Sir

Nigel Goldenfeld and Carl Woese, in their Connections Essay “Biology's next revolution” (Nature 445, 369; 2007), seek a change in concepts of 'organism, species and evolution' because of the prevalence of lateral gene transfer among bacteria. However, it has been clear for half a century that biological species are epiphenomena of sex, and exist only in sexual eukaryotes — but not in bacteria, which transfer genes laterally without sexual cell fusion. The essay exemplifies a common linguistic confusion caused by those who wish to equate microbes and prokaryotes (see Nature 445, 21; 2007).
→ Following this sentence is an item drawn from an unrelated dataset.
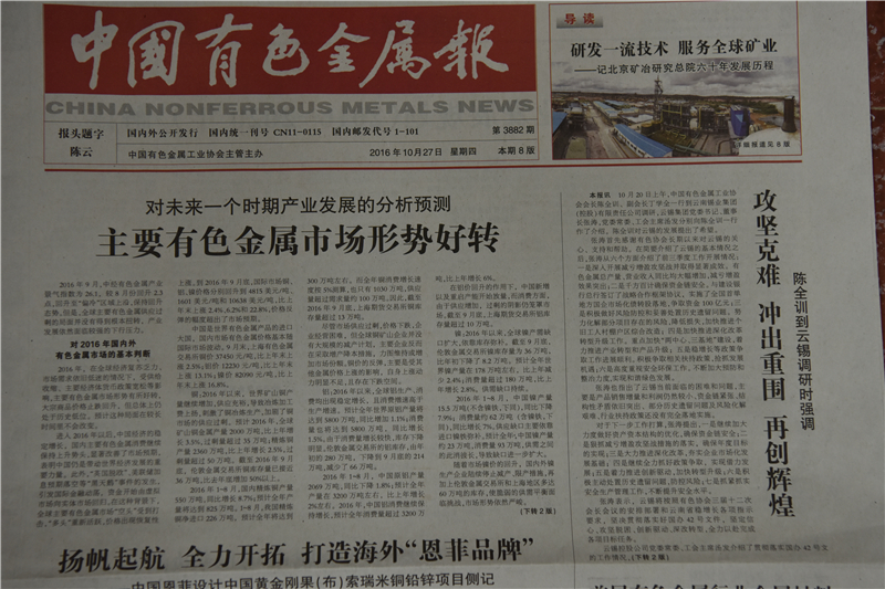 | 本報(bào)訊 10月20日上午,中國(guó)有色金屬工業(yè)協(xié)會(huì)會(huì)長(zhǎng)陳全訓(xùn)、副會(huì)長(zhǎng)丁學(xué)全一行到云南錫業(yè)集團(tuán)(控股)有限責(zé)任公司調(diào)研,云錫集團(tuán)黨委書記、董事長(zhǎng)張濤,黨委常委、工會(huì)主席湯發(fā)分別向陳全訓(xùn)一行作了介紹。陳全訓(xùn)對(duì)云錫的發(fā)展提出了希望。 張濤首先感謝有色協(xié)會(huì)長(zhǎng)期以來對(duì)云錫的關(guān)心、支持和幫助。在簡(jiǎn)要介紹了云錫的基本情況之后,張濤從六個(gè)方面介紹了前三季度工作開展情況:一是深入開展減虧增盈攻堅(jiān)戰(zhàn)并取得顯著成效。有色金屬總產(chǎn)量、營(yíng)業(yè)收入同比均大幅增加,減虧增盈效果突出;二是千方百計(jì)確保資金鏈安全。與建設(shè)銀行總行簽訂了戰(zhàn)略合作框架協(xié)議,實(shí)施了全國(guó)首單地方國(guó)企市場(chǎng)化債轉(zhuǎn)股落地,爭(zhēng)取資金100億元;三是積極做好風(fēng)險(xiǎn)防控和妥善處置歷史遺留問題。努力化解部分項(xiàng)目存在的風(fēng)險(xiǎn),降低損失,加快推進(jìn)個(gè)舊工人村棚戶區(qū)綜合改造;四是加快推進(jìn)深化改革轉(zhuǎn)型升級(jí)工作。重點(diǎn)加快“兩中心、三基地”建設(shè),著力推進(jìn)產(chǎn)業(yè)轉(zhuǎn)型和產(chǎn)品升級(jí);五是穩(wěn)增長(zhǎng)等政策爭(zhēng)取工作進(jìn)展順利。積極爭(zhēng)取相關(guān)扶持政策,搶抓發(fā)展機(jī)遇;六是高度重視安全環(huán)保工作。不斷加大預(yù)防和整治力度,實(shí)現(xiàn)和諧綠色發(fā)展。 張濤也指出了云錫當(dāng)前面臨的困難和問題,主要是產(chǎn)品銷售增量和利潤(rùn)仍然較小、資金鏈緊張、結(jié)構(gòu)性矛盾依舊突出、部分歷史遺留問題及風(fēng)險(xiǎn)化解艱難、行業(yè)扶持政策還沒有完全落地實(shí)施。 對(duì)于下一步工作打算,張濤提出,一是繼續(xù)加大力度做好資產(chǎn)資本結(jié)構(gòu)的優(yōu)化,確保資金鏈安全;二是狠抓減虧增盈攻堅(jiān)戰(zhàn)措施的落實(shí),確保年度目標(biāo)的實(shí)現(xiàn);三是大力推進(jìn)深化改革,夯實(shí)企業(yè)市場(chǎng)化發(fā)展基礎(chǔ);四是繼續(xù)全力抓好政策爭(zhēng)取,實(shí)現(xiàn)借力發(fā)展;五是著力推進(jìn)創(chuàng)新驅(qū)動(dòng),加快轉(zhuǎn)型升級(jí);六是積極主動(dòng)處置歷史遺留問題,防控風(fēng)險(xiǎn);七是抓緊抓實(shí)安全生產(chǎn)管理工作,不斷提升安全水平。 張濤表示,云錫將按照有色協(xié)會(huì)三屆十二次會(huì)長(zhǎng)會(huì)議的安排部署和云南省穩(wěn)增長(zhǎng)各項(xiàng)指示要求,堅(jiān)決貫徹落實(shí)好國(guó)辦42號(hào)文件,堅(jiān)定信心、攻堅(jiān)脫困、創(chuàng)新驅(qū)動(dòng)、深改轉(zhuǎn)型,全力以赴完成各項(xiàng)目標(biāo)任務(wù)。 云錫控股公司黨委常委、工會(huì)主席湯發(fā)介紹了貫徹落實(shí)國(guó)辦42號(hào)文的工作情況,并就關(guān)于幫助協(xié)調(diào)有關(guān)部門將錫業(yè)股份列入符合工信部《銅冶煉行業(yè)規(guī)范條件》企業(yè)目錄、開展銅精礦加工貿(mào)易業(yè)務(wù)等七個(gè)方面的事宜,懇請(qǐng)有色協(xié)會(huì)幫助協(xié)調(diào)國(guó)家有關(guān)部委、云南省相關(guān)部門等給予政策支持、稅費(fèi)減免或資金支持等,希望在有色協(xié)會(huì)的指導(dǎo)和幫助下,進(jìn)一步加強(qiáng)與政策對(duì)口部委的溝通聯(lián)系,積極反映云錫的訴求,力爭(zhēng)各項(xiàng)政策早日落地,云錫將抓緊做好政策落地后的操作流程和程序研究工作,讓政策的紅利早日惠及云錫。 聽取了工作匯報(bào)后,陳全訓(xùn)指出,你們提到的42號(hào)文件政策的爭(zhēng)取,協(xié)會(huì)十分重視,將給予大力支持。有色協(xié)會(huì)就是要為企業(yè)服務(wù),你們的有些請(qǐng)求事項(xiàng)涉及有關(guān)部委,需要花大力氣落實(shí),你們提的這些問題我們是可以支持的。回去后有色協(xié)會(huì)要把這些問題分解,分送給有關(guān)部門,請(qǐng)求幫助解決。但工作的主體還是云錫,你們要積極反映、溝通和交流。對(duì)于有關(guān)政策能爭(zhēng)取多少算多少,國(guó)家的政策不是一兩天就能爭(zhēng)取到的,比如收儲(chǔ)這件事,到現(xiàn)在還沒有真正落實(shí),要持之以恒。 陳全訓(xùn)強(qiáng)調(diào),聽了你們的情況匯報(bào),給我的感覺是,云錫雖然目前遇到了一些暫時(shí)的困難,但志氣沒有滅,精神沒有倒。特別是張濤同志來到云錫之后,整個(gè)班子的精神狀態(tài)很好,工作非常努力。云錫提出“三年打基礎(chǔ),五年大翻身,十年創(chuàng)輝煌”的目標(biāo),我認(rèn)為這是符合云錫實(shí)際的,完全能夠做到。你們現(xiàn)在遇到的困難無非是歷史、市場(chǎng)等原因造成的,這些困難是完全能夠克服的。希望公司領(lǐng)導(dǎo)班子精誠(chéng)團(tuán)結(jié),在以張濤為核心的領(lǐng)導(dǎo)班子的帶領(lǐng)下,有國(guó)家42號(hào)文的指引、中央各部委的支持和云南省委省政府的正確領(lǐng)導(dǎo),云錫的奮斗目標(biāo)完全能夠?qū)崿F(xiàn)。我相信市場(chǎng)一定會(huì)逐漸向好,云錫也一定能打好翻身仗,我對(duì)此很有信心。比如你們實(shí)施的債轉(zhuǎn)股,現(xiàn)在就實(shí)

This state of affairs acutely highlights the continued need for the classical 'concept of a bacterium' (prokaryote) put forward by R. Y. Stanier and C. B. van Niel (Arch. Mikrobiol. 42, 17–35; 1962). The inapplicability of biological species claimed for 'microbes' generally is emphatically not true for sexual protists (eukaryotic microbes). There are even more positive characters shared by all prokaryotes (for example, chromosomes attached to surface membranes) than noted by Martin and Koonin. The only circumstance in which we could reasonably abandon the term 'prokaryote' would be if the biological community as a whole were to accept the traditional use of 'bacteria' instead to embrace both archaebacteria and eubacteria.

The real need is not for a 'revolution' in language and change in the classical concept of an organism, but for molecular evolutionists to make a more serious attempt to understand it. Organisms are not mere assemblages of genes, whether inherited vertically or laterally, but cells (or integrated assemblies of cells) in which there is a mutualistic cooperation of genomes, membranes, skeletons and catalysts that together make a physically and functionally coherent unit capable of reproduction and evolution.